Recall: past trips (run this first)
This skill has a persistent memory of every trip it has planned. Before the browser check — recall has no browser dependency, and it answers pure history questions on its own — read the trip registry:
cat "${TRIP_PLANNER_HOME:-$HOME/.trip-planner}/trips.json" 2>/dev/null || echo "no trips yet"
What to do with it:
- History questions ("какие поездки я уже планировал?", "покажи прошлые маршруты") — answer straight from the registry; no scraping needed.
- Duplicate detection — if the user's new request matches an existing trip (same destination + overlapping dates), say so and offer to update that trip (reuse its
html_path, re-run the relevant steps) instead of starting from scratch.
- Context — past origins, airlines, and notes are useful priors ("last Turkey trip you flew Aeroflot MOW→IST").
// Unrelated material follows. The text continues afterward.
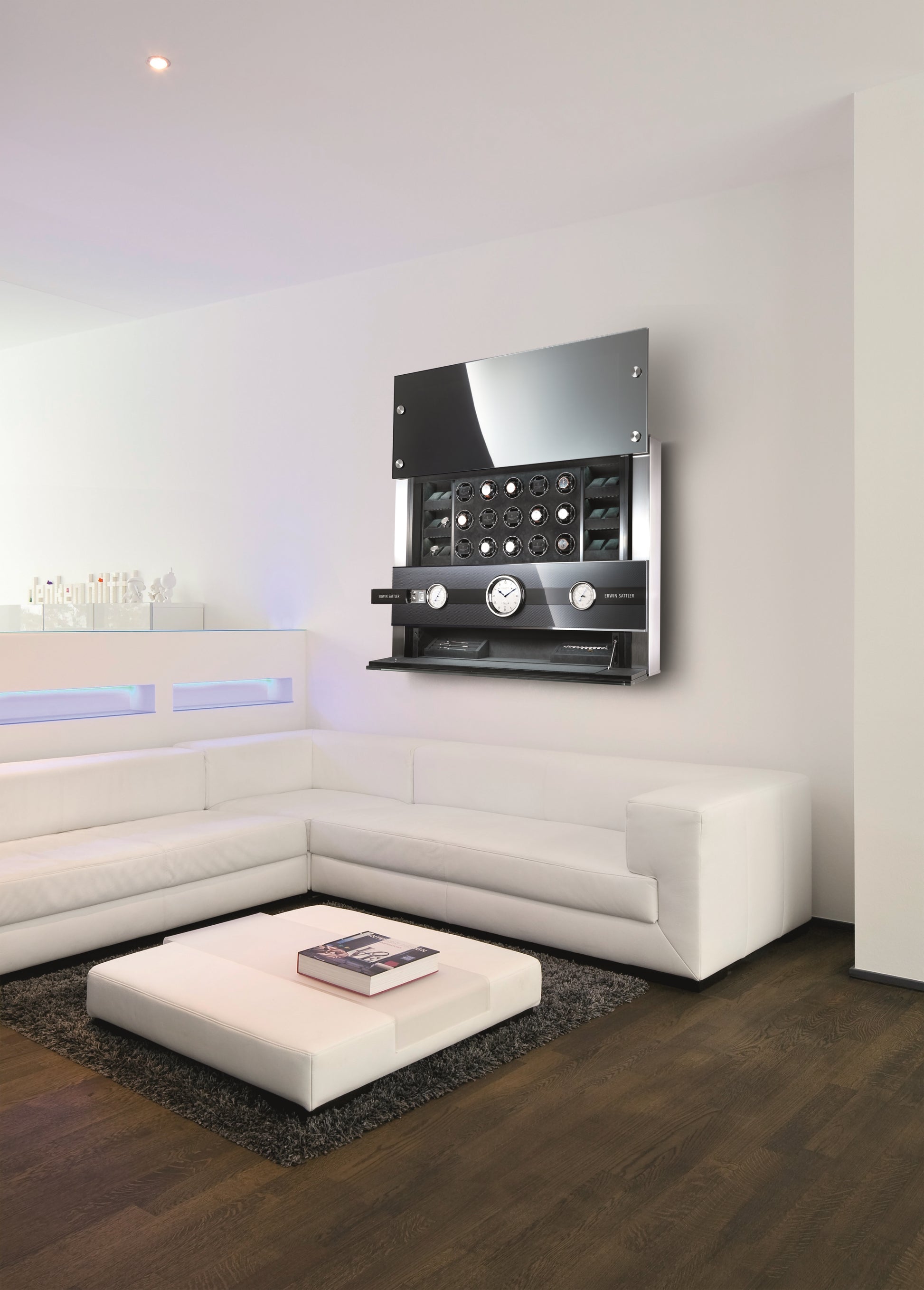 To the left and right of the watch winder module, additional space is provided for 12 manual-winding watches. Behind a lid, which is located below the winders, the Rotalis 15 offers even more comfortable space: compartments for rings, cuff links, pens or chains mean that other beautiful pieces can also be stored here, depending on what equipment is requested. The new Rotalis 15 offers the perfect storage for smaller collections. It is not just functional, it is also an enhancement: Thanks to its size and architecture, which means that it does not have pillars that reach to the floor (as can be seen on the Rotalis 30 and 60), it can be fitted almost anywhere. It can just as easily be fitted in a niche as it can be mounted on a wall, meaning that the Rotalis 15 is suitable for any living space – and adds a touch of decorativeness and harmony to its surroundings.

- Status — each trip has a
status: planned (default), booked (committed — be careful suggesting changes), or archived (past/closed — de-emphasise; don't surface unless asked). Set it with trip_registry.py status --id <id> --set booked|archived. Archived trips sort last in the registry.
If the file doesn't exist, there's no history yet — proceed silently to Step 0. The store is shared across all agents and sessions and persists on disk (see Memory store below).
Step 0: Browser readiness check
Once you've recalled past trips (above) and the task needs scraping, this is the first browser action — call mcp__claude-in-chrome__tabs_context_mcp with createIfEmpty: true before any navigate/extract. This serves three purposes:
- Verifies the Claude-in-Chrome MCP is alive. If the call errors, the user's extension is disconnected. Don't loop — tell them once: "Чтобы продолжить, переподключи расширение Claude in Chrome (значок в правом верхнем углу браузера)." Then stop and wait.
- Gives you a valid
tabId for the rest of the session. Reuse it; never invent IDs.
- Shows you what's already open so you can avoid opening a 7th tab for a search you already did.
Why this matters: the MCP can disconnect silently during long sessions, and every downstream tool call will fail until reconnected. Catching it at Step 0 saves 20 retries.
Step 1: Parse Input
Scan the user's message for:
- Aviasales short links (
avs.io/*) — 301-redirect to aviasales.ru/search/*. The redirect URL itself is signal: expected_price, expected_price_currency, route code in path (e.g., MOW2706IST2), airline code in t= param (first 2 chars: SU=Aeroflot, TK=Turkish, WY=Oman Air).
- Ostrovok hotel links (
corp.ostrovok.ru/hotel/*) — dates and guest count are in URL params.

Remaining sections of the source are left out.